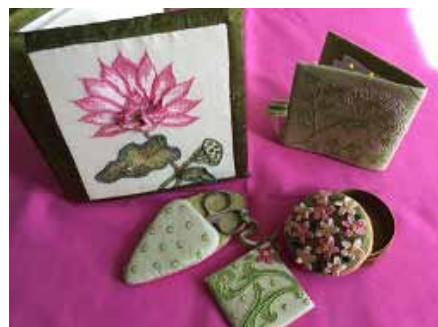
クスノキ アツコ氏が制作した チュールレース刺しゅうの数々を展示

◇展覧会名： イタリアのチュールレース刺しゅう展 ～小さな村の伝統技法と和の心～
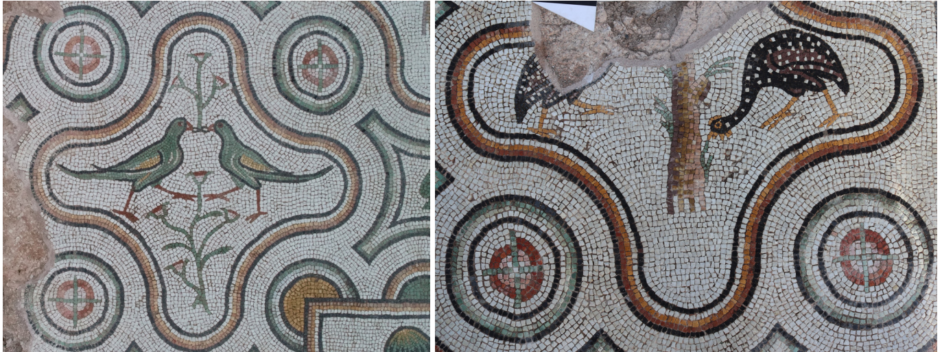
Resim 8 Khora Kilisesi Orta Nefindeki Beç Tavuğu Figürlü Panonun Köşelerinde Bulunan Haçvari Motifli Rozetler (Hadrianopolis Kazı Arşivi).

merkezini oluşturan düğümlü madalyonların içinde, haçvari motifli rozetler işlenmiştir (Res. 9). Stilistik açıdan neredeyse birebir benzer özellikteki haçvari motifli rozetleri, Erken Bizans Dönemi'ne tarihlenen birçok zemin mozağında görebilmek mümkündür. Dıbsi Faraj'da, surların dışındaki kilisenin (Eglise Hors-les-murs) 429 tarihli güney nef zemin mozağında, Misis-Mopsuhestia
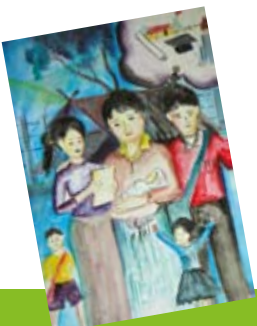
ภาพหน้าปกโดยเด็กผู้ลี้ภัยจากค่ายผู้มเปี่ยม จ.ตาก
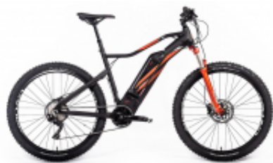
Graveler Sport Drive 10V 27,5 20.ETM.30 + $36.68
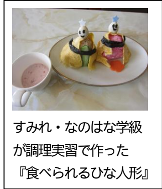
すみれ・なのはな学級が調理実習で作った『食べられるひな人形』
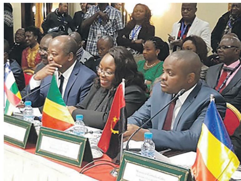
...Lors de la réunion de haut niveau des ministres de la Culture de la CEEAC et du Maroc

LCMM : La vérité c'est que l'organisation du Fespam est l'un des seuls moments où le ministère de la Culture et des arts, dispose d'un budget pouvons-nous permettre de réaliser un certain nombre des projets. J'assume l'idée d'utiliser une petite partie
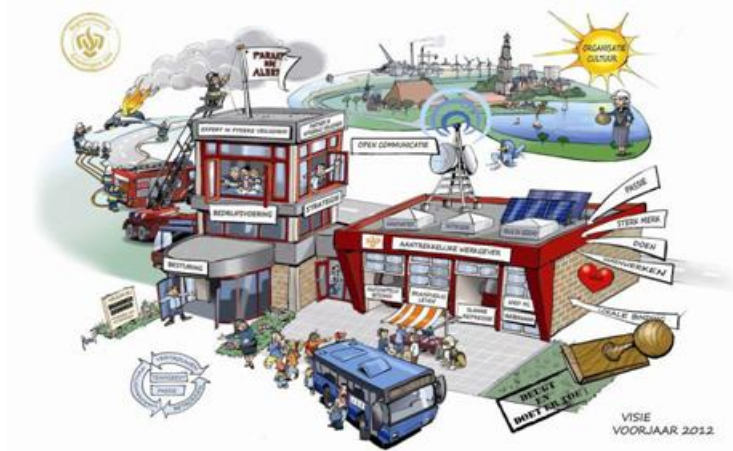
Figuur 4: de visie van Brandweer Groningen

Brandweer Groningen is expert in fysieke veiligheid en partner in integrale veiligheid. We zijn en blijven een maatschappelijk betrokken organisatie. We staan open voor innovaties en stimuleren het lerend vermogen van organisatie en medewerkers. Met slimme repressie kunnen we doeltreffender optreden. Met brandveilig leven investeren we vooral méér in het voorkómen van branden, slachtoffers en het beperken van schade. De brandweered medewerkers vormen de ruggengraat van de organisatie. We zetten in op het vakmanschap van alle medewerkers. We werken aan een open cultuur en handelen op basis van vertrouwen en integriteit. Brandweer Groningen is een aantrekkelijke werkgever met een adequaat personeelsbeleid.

*-*-*

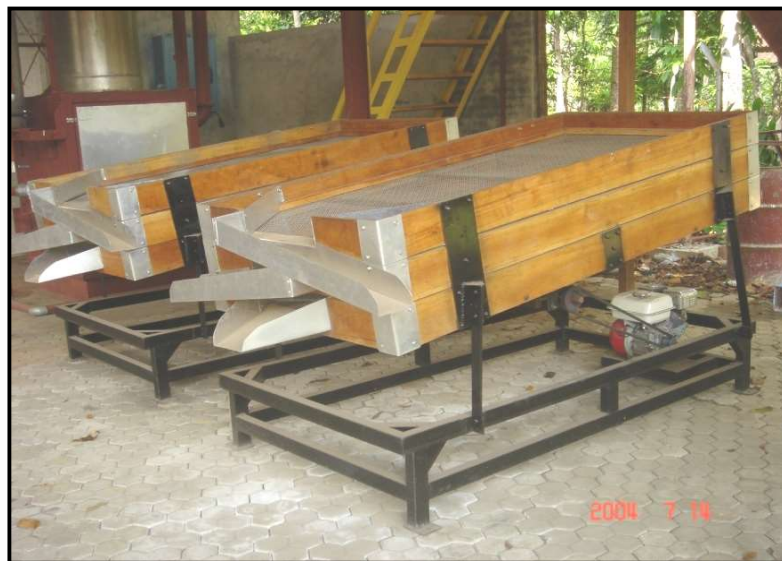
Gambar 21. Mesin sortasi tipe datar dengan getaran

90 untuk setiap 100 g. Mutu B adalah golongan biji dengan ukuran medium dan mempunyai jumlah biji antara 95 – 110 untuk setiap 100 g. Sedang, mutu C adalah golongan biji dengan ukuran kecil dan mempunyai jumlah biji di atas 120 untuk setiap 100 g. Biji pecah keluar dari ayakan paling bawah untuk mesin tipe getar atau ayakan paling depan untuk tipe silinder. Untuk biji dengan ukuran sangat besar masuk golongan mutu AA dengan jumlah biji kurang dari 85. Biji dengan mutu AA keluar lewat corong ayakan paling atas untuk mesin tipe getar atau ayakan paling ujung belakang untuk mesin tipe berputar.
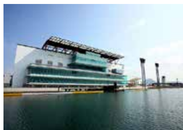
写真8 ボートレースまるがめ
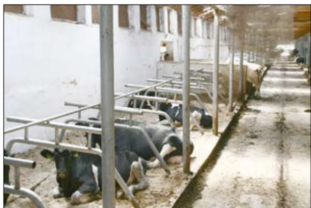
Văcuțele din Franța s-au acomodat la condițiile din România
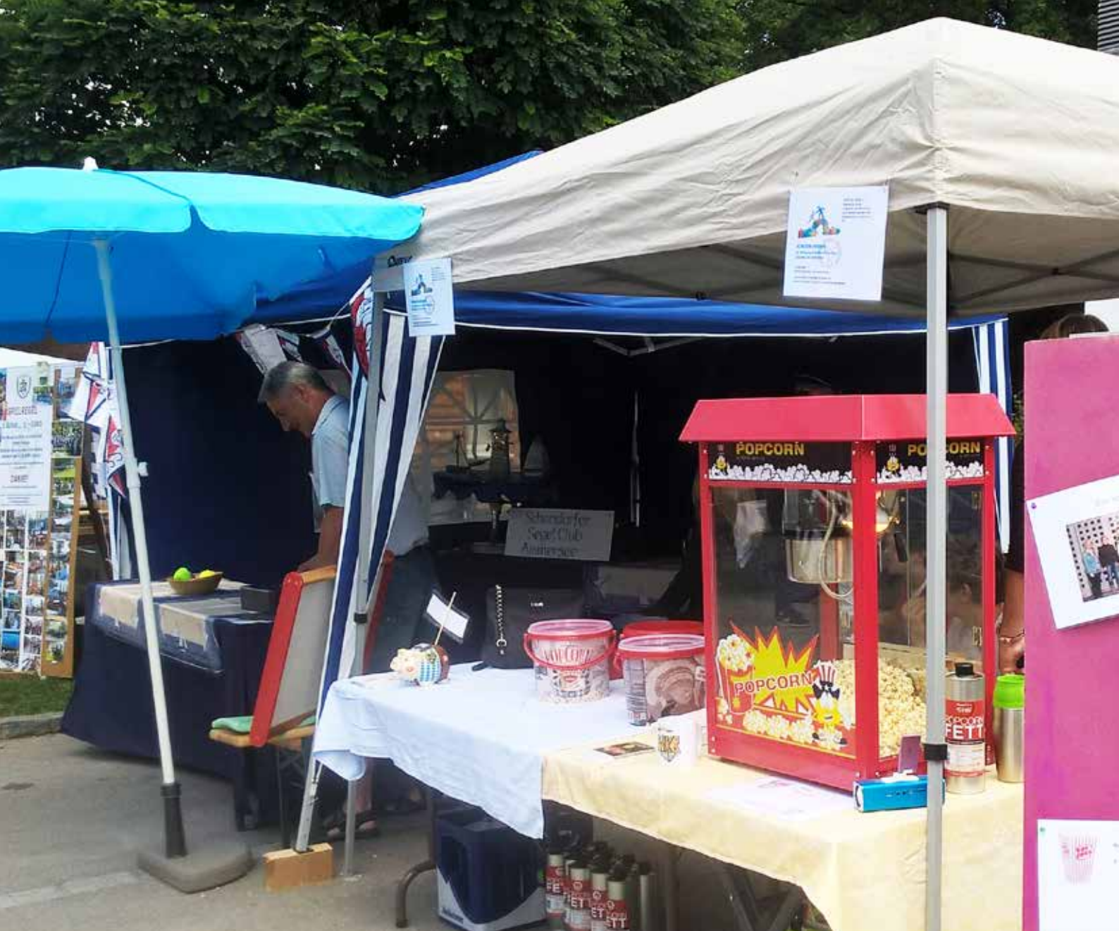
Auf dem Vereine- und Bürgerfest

*-*-*

[EXERCISE DESCRIPTION]:
Which part of the entries opens with the line containing "LCMM : La vérité" and closes with the line containing "Figuur 4: de visie van Brandweer Groningen"? Output that part exactly, ends included, pictures excluded.

[EXPECTED OUTPUT]:
LCMM : La vérité c'est que l'organisation du Fespam est l'un des seuls moments où le ministère de la Culture et des arts, dispose d'un budget pouvons-nous permettre de réaliser un certain nombre des projets. J'assume l'idée d'utiliser une petite partie
Figuur 4: de visie van Brandweer Groningen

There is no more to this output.